Last month a major conference was sponsored by a
district government part of Beijing, there were pledges to support LLMs, and a
growing number of Chinese companies including Baidu, Alibaba, and SenseTime
have indicated that they are working on ChatGPT-like platforms for both general
and domain-specific applications. Naturally, this type of buzz around
generative AI has drawn the attention of regulators.
to emphasize the point that China’s approach to LLMs
and generative AI will be different, the Cyberspace Administration of China
(CAC) this week came out with new
draft rules for these platforms. The rules will seek to hold platform
developers accountable for the legitimacy of the underlying data used to train
algorithms, and responsible for “inappropriate content” generated by the
platforms. In addition, users of the platforms will have to use real name
registration and provide other information.
The new CAC rules build on a series of regulatory
approaches to build a toolset to regulate AI, and pursue a different approach
from the European Union or the U.S.. CAC’s move to create an algorithm
registry — the Internet Information Service Algorithm Filing Systems — last
year was perhaps the clearest indication that Chinese authorities were eager to
get ahead of the game on regulation, even though their capacity to actually
review the technical details of algorithms remains unclear.

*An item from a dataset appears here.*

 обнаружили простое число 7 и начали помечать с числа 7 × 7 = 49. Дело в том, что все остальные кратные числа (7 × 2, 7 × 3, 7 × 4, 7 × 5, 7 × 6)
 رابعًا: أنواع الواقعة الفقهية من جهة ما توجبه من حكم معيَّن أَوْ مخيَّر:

But the registry
regulation was clearly a precursor for the current proposed rules around
generative AI, as they mandated that recommendation algorithms with “public
opinion characteristics” and “social mobilization capabilities” file with the
registry. While the process of rolling out the registry has been vague at
times, it appears to be intended to provide authorities with a way to track
potentially problematic algorithms..
The “inappropriate information” issue is one at the
heart of how different China’s LLM development and deployment will be. In
general, state-of-the-art LLMs are typically “pre-trained” on huge amounts of
data, which primarily means, as much openly available data on the internet as
possible. This includes text and images, and even audio. Chinese LLM developers
face a considerable challenge in ensuring that “content generated by generative
artificial intelligence…embodies core socialist values and…does not contain any
content that subverts state power, advocates the overthrow of the socialist
system, incites splitting the country or undermines national unity.”

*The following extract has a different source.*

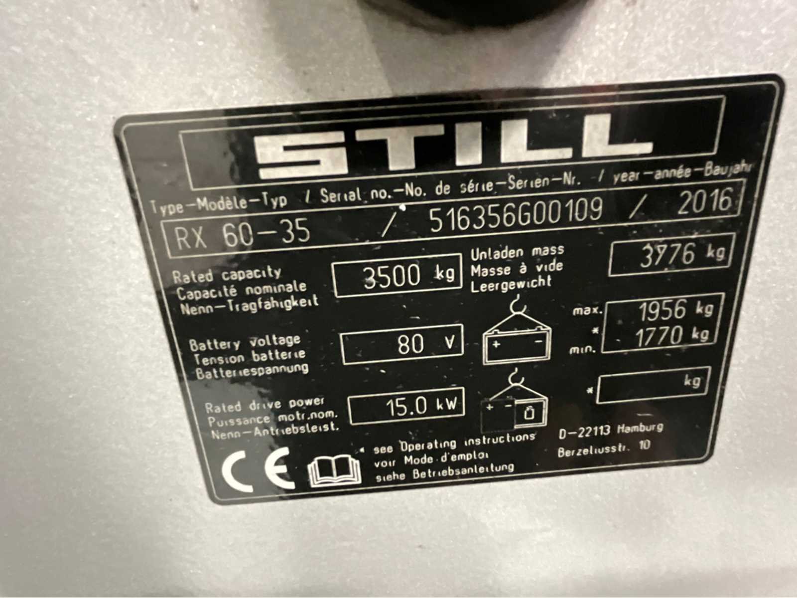 Bluespot, half gesloten cabine, 3e en 4e functie, non marking banden, accu 2024 Nee Merk: Still Type: RX60-35 Bouwjaar: 2016 Serienummer: 516356G00109 Brandstof: Elektrisch Soort band: Volrubber banden non marking Aantal wielen: 4 Free-lift: true Triple mast: true Eigen gewicht: 5732kg Hefvermogen: 3500kg Lepellengte: 1200mm Max. hefhoogte: 4900mm Hefhoogte: 4900mm Vol rubber banden: true Minimale doorrijhoogte: 2300mm Totale afmeting L: 4000mm Totale afmeting Breedte: 1500mm Totale afmeting Hoogte: 2300mm

For Chinese firms, the decision on what data to use to
train their models is much more complex than for their western counterparts.
The magic of platforms like ChatGPT lies not only in the algorithms and
training data, but in something called Reinforcement Learning from Human
Feedback (RLHF). This is how the models can be trained to avoid sensitive
topics, bias, and hate-filled language.
So Chinese models can be trained, for example, on
uncensored data and then use RLHF to “align” the output with what Beijing is
expecting for certain types of dialogues, i.e., avoiding sensitive political
subjects that are typically censored on China’s internet, or any depictions and
discussions of senior leaders like Xí Jìnpíng 习近平.
Here, the political content and image censorship
problem is to some degree an extension of the broader alignment
problem that is much discussed in AI circles today, around the issue AI
safety. Alignment refers to the degree to which AI algorithms and applications
should be designed to align with human values and interests, usually thought of
as the intended goals and interests of the systems’ designers. As one of the
core challenges of AI in general today, adding another highly sensitive problem
of “political alignment” makes the issue more complex, particularly for Chinese
companies now
jumping on the ChatGPT bandwagon, such as Baidu, Alibaba, Tencent, and many
others.
Will
regulation destroy the Chinese ChatGPT bandwagon?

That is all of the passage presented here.